Nothing below is to be printed except the lines between the line holding "La Ashwagandha orgánica, actúa" and the line holding "The price of", inclusive, each exactly as it appears.

Input data ::
==*==
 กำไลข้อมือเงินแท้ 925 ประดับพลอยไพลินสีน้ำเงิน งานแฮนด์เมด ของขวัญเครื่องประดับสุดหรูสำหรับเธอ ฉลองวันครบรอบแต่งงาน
==*==
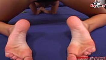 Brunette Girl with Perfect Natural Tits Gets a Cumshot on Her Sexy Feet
==*==
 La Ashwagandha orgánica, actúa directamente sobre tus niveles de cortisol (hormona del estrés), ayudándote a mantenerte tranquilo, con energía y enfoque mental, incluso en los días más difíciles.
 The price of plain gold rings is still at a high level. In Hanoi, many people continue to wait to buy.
==*==
Answer space ::
 La Ashwagandha orgánica, actúa directamente sobre tus niveles de cortisol (hormona del estrés), ayudándote a mantenerte tranquilo, con energía y enfoque mental, incluso en los días más difíciles.
 The price of plain gold rings is still at a high level. In Hanoi, many people continue to wait to buy.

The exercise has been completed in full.